Exercise requirements
Output each entry below as it stands, leaving out every picture.

Records supplied

Start of Block

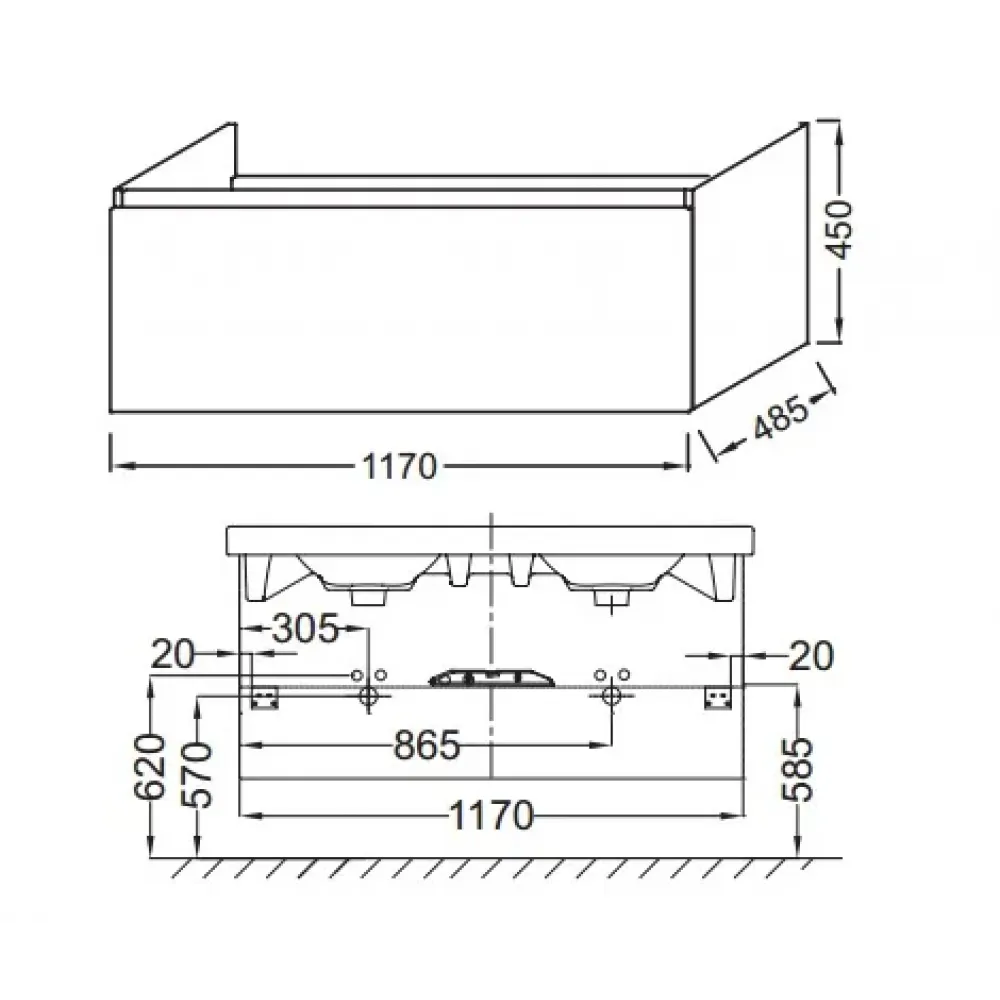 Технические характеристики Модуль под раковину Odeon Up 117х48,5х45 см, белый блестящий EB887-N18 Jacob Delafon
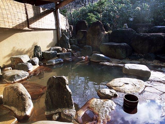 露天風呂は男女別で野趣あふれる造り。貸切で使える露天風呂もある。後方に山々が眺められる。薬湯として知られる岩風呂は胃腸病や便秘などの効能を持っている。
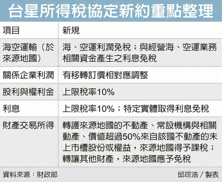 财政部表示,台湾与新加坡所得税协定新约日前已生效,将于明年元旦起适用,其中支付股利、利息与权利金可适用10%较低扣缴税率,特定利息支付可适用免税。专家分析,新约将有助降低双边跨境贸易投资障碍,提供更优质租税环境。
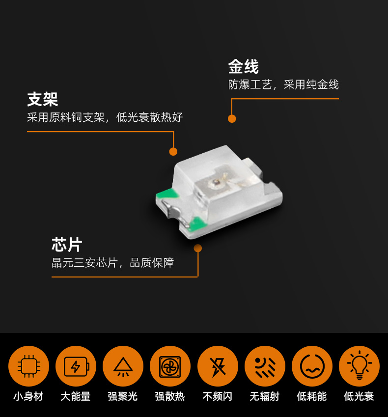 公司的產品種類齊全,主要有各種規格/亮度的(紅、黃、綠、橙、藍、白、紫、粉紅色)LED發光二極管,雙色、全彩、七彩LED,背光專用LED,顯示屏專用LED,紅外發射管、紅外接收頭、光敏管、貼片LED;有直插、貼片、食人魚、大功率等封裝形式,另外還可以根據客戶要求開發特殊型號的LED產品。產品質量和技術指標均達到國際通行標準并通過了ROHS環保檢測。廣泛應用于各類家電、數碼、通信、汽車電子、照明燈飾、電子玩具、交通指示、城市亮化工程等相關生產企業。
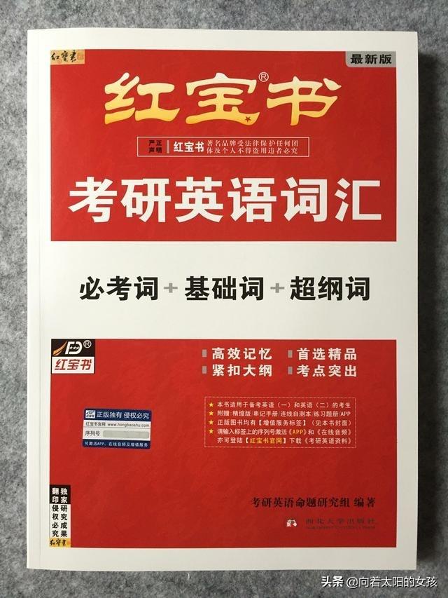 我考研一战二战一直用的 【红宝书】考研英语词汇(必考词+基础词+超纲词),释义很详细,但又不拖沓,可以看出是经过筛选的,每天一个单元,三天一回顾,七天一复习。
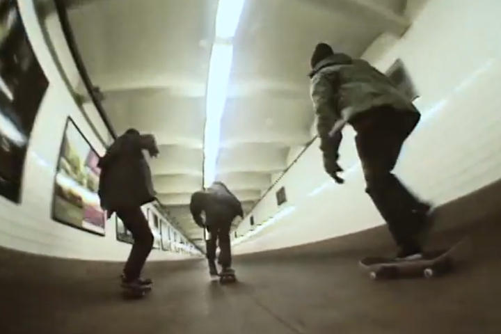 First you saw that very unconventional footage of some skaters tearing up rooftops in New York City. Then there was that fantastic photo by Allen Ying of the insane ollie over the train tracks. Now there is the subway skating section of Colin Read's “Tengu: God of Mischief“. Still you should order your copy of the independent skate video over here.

End of Block

Task solution
 Технические характеристики Модуль под раковину Odeon Up 117х48,5х45 см, белый блестящий EB887-N18 Jacob Delafon
 露天風呂は男女別で野趣あふれる造り。貸切で使える露天風呂もある。後方に山々が眺められる。薬湯として知られる岩風呂は胃腸病や便秘などの効能を持っている。
 财政部表示,台湾与新加坡所得税协定新约日前已生效,将于明年元旦起适用,其中支付股利、利息与权利金可适用10%较低扣缴税率,特定利息支付可适用免税。专家分析,新约将有助降低双边跨境贸易投资障碍,提供更优质租税环境。
 公司的產品種類齊全,主要有各種規格/亮度的(紅、黃、綠、橙、藍、白、紫、粉紅色)LED發光二極管,雙色、全彩、七彩LED,背光專用LED,顯示屏專用LED,紅外發射管、紅外接收頭、光敏管、貼片LED;有直插、貼片、食人魚、大功率等封裝形式,另外還可以根據客戶要求開發特殊型號的LED產品。產品質量和技術指標均達到國際通行標準并通過了ROHS環保檢測。廣泛應用于各類家電、數碼、通信、汽車電子、照明燈飾、電子玩具、交通指示、城市亮化工程等相關生產企業。
 我考研一战二战一直用的 【红宝书】考研英语词汇(必考词+基础词+超纲词),释义很详细,但又不拖沓,可以看出是经过筛选的,每天一个单元,三天一回顾,七天一复习。
 First you saw that very unconventional footage of some skaters tearing up rooftops in New York City. Then there was that fantastic photo by Allen Ying of the insane ollie over the train tracks. Now there is the subway skating section of Colin Read's “Tengu: God of Mischief“. Still you should order your copy of the independent skate video over here.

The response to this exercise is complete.